Poco prima dell’insediamento di Donald Trump alla Casa Bianca i palestinesi sono scesi in piazza a Ramallah, in Cisgiordania, per protestare contro l’intenzione del presidente degli Stati Uniti eletto, annunciata in campagna elettorale, di spostare l’ambasciata americana da Tel Aviv a Gerusalemme. Un evento che potrebbe far esplodere le tensioni in Medioriente per il significato simbolico e non solo dello spostamento: Gerusalemme non solo è contesa fra israeliani e palestinesi, ma è la città che questi ultimi vorrebbero come capitale del loro futuro Stato.

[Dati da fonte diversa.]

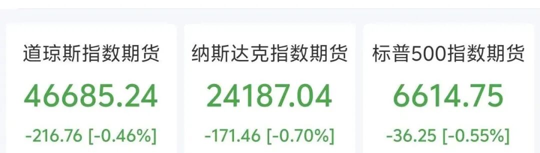美股盘前三大股指期货 短线走低并转跌 ,道琼斯指数期货跌0.46%,纳斯达克指数期货跌0.7%,标普500指数期货跌0.55%。此前 市场对美伊协议达成的乐观情绪升温,三大指数期货一度直线拉升翻红。
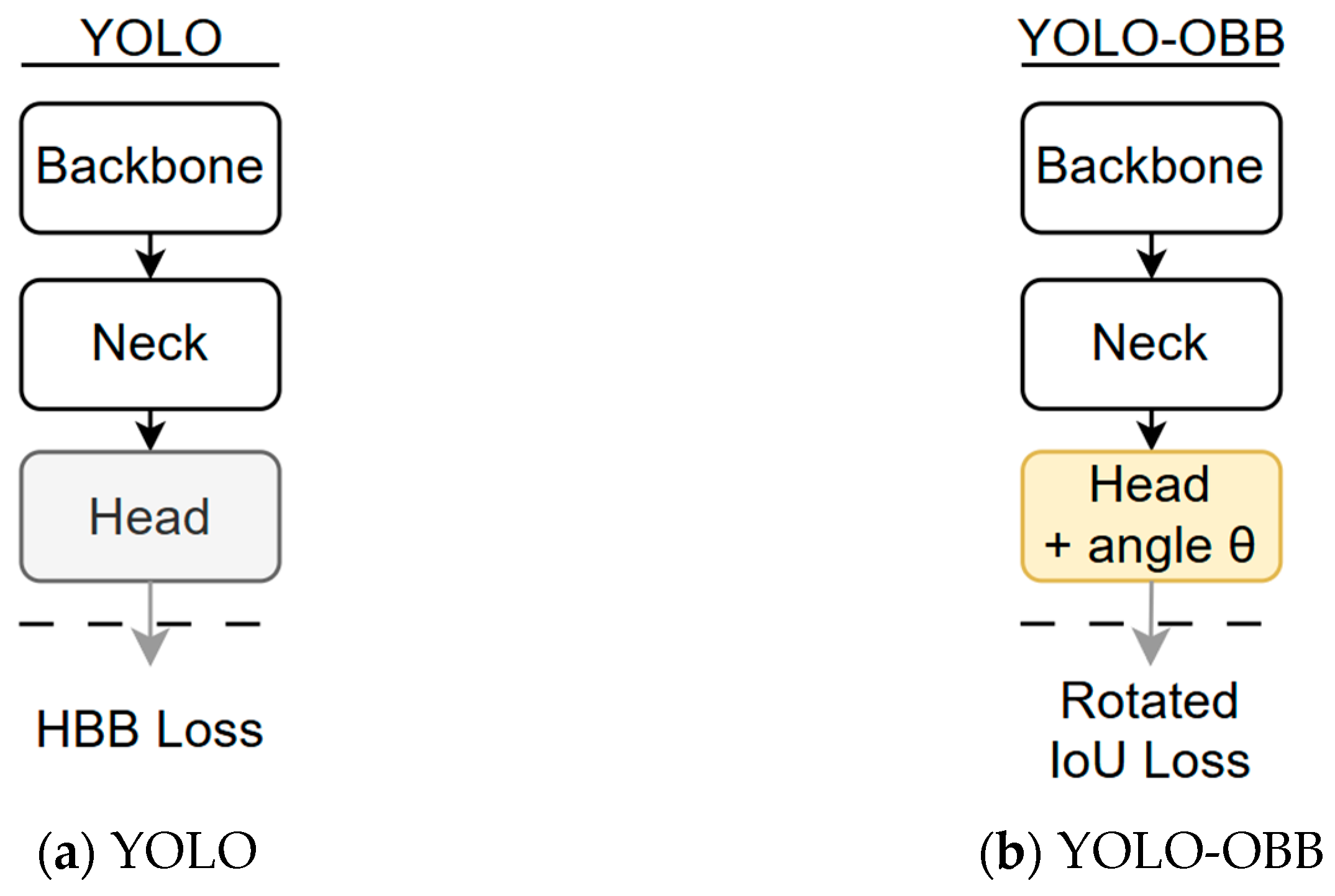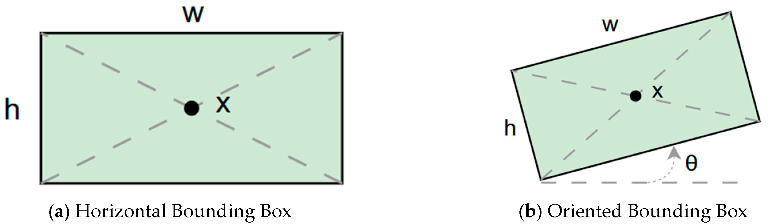 - Zand, M.; Etemad, A.; Greenspan, M. Oriented Bounding Boxes for Small and Freely Rotated Objects. IEEE Trans. Geosci. Remote Sens. 2022, 60, 1–15. [Google Scholar] [CrossRef]
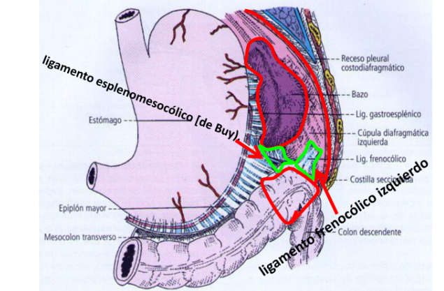 El ligamento “sustentaculum lienis”, ¿une cuáles estructuras?

“Spostare l’ambasciata in qualsiasi altra parte di Gerusalemme rappresenterebbe una provocazione molto grave – spiega Moustafa Barghouti, politico e attivista palestinese – significherebbe che gli Stati Uniti stanno commettendo insieme ad Israele una violazione della legge internazionale e del principio della non opportunità dell’annessione di altre popolazioni con la forza. Questo spostamento sarebbe un atto che potrebbe aiutare Israele ad eliminare la soluzione dei due Stati e ogni possibilità di pace nel futuro”.

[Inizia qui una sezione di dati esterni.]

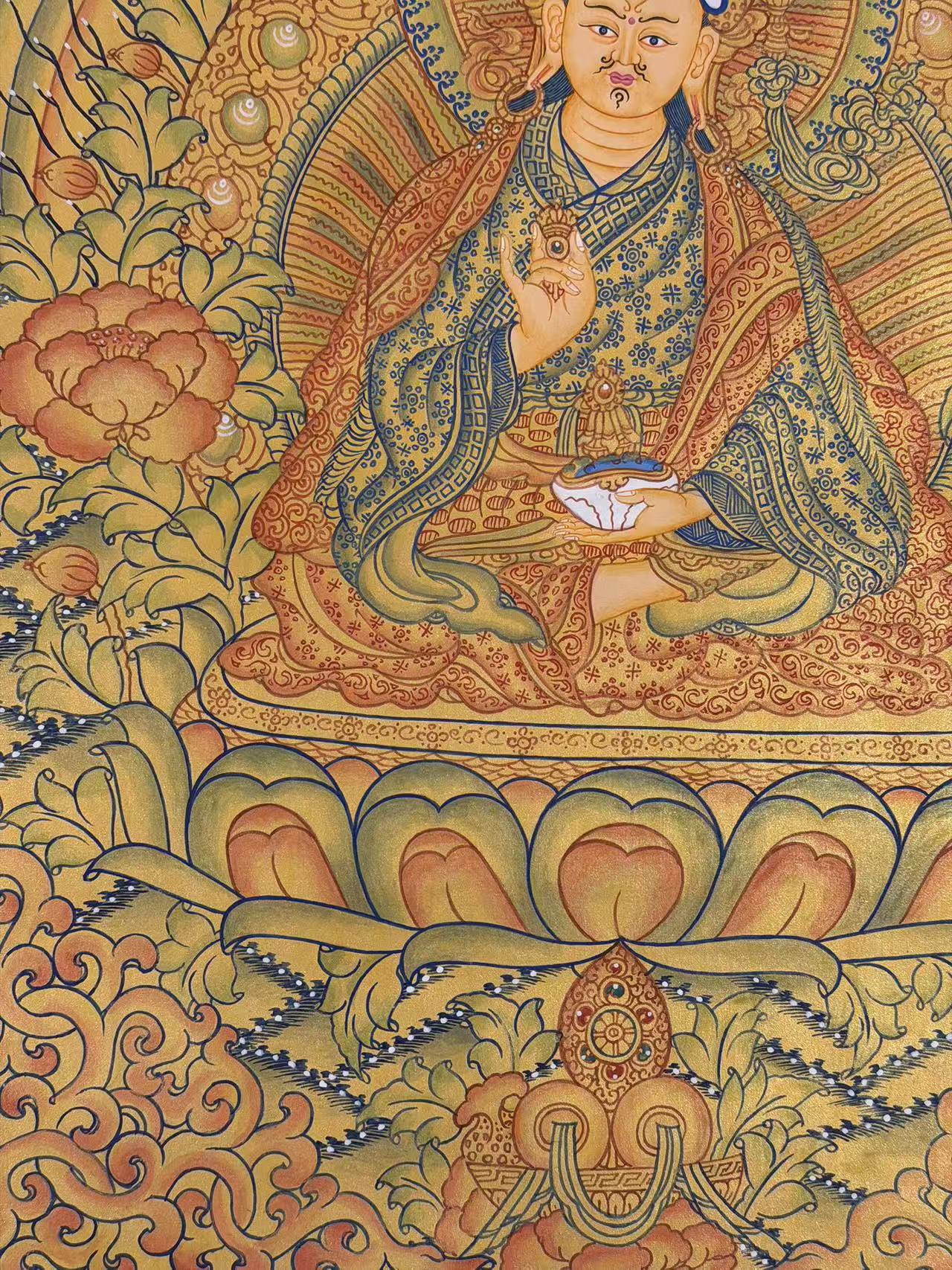 A Sacred Addition to Your Space This Guru Rinpoche Thangka radiates tranquility and spiritual depth. Its intricate details, vibrant colors, and symbolic imagery make it not just a decorative piece, but a powerful tool for meditation and personal growth.

“Se la nuova amministrazione Usa prenderà la decisione di spostare l’ambasciata ne saremo soddisfatti e felici – ha invece commentato l’ambasciatore israeliano a Mosca Gary Koren, intervistato da “Sputnik” -. Il fatto che una parte di Gerusalemme sia la capitale della Palestina non è il problema, la questione è che alcuni negano completamente il diritto di Israele sul (considerare capitale) Gerusalemme”.

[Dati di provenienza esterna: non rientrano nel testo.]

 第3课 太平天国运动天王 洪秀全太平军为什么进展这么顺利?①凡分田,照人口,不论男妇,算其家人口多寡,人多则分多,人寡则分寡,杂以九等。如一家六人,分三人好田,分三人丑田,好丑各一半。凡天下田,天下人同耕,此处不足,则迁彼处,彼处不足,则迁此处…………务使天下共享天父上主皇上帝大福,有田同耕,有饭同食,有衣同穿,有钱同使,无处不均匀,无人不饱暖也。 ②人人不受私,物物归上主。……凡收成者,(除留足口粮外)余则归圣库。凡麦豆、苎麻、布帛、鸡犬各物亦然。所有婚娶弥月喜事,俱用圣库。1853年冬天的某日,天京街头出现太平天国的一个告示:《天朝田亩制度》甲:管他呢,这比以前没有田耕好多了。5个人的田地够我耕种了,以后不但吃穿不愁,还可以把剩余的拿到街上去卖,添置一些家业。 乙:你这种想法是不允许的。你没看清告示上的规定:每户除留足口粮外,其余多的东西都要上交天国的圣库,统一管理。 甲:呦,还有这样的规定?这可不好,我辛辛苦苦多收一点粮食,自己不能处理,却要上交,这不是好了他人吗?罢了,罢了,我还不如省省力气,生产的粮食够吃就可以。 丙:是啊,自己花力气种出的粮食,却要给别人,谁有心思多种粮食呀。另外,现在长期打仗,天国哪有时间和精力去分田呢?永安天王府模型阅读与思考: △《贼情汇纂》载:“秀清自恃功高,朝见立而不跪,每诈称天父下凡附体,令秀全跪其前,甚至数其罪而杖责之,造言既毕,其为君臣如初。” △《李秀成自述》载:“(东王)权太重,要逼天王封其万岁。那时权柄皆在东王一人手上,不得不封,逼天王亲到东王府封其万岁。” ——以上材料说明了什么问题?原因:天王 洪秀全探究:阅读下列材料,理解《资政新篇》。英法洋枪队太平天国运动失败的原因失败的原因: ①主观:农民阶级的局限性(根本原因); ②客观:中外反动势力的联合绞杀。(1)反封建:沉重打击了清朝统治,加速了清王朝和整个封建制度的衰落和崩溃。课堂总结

A settembre 2016, l’allora candidato repubblicano alla presidenza aveva manifestato a Netanyhau la sua intenzione di riconoscere la “Città Santa” come capitale non divisa dello Stato ebraico. Koren ha ricordato il legame “innegabile” di Israele con Gerusalemme, rafforzato da quando tutti i ministeri più importanti, il Parlamento, la presidenza della Repubblica, e l’ufficio del primo ministro si trovano proprio nell’antica città. “Tutti comprendono che (Gerusalemme) è la capitale fattuale e politica” di Israele, ha concluso.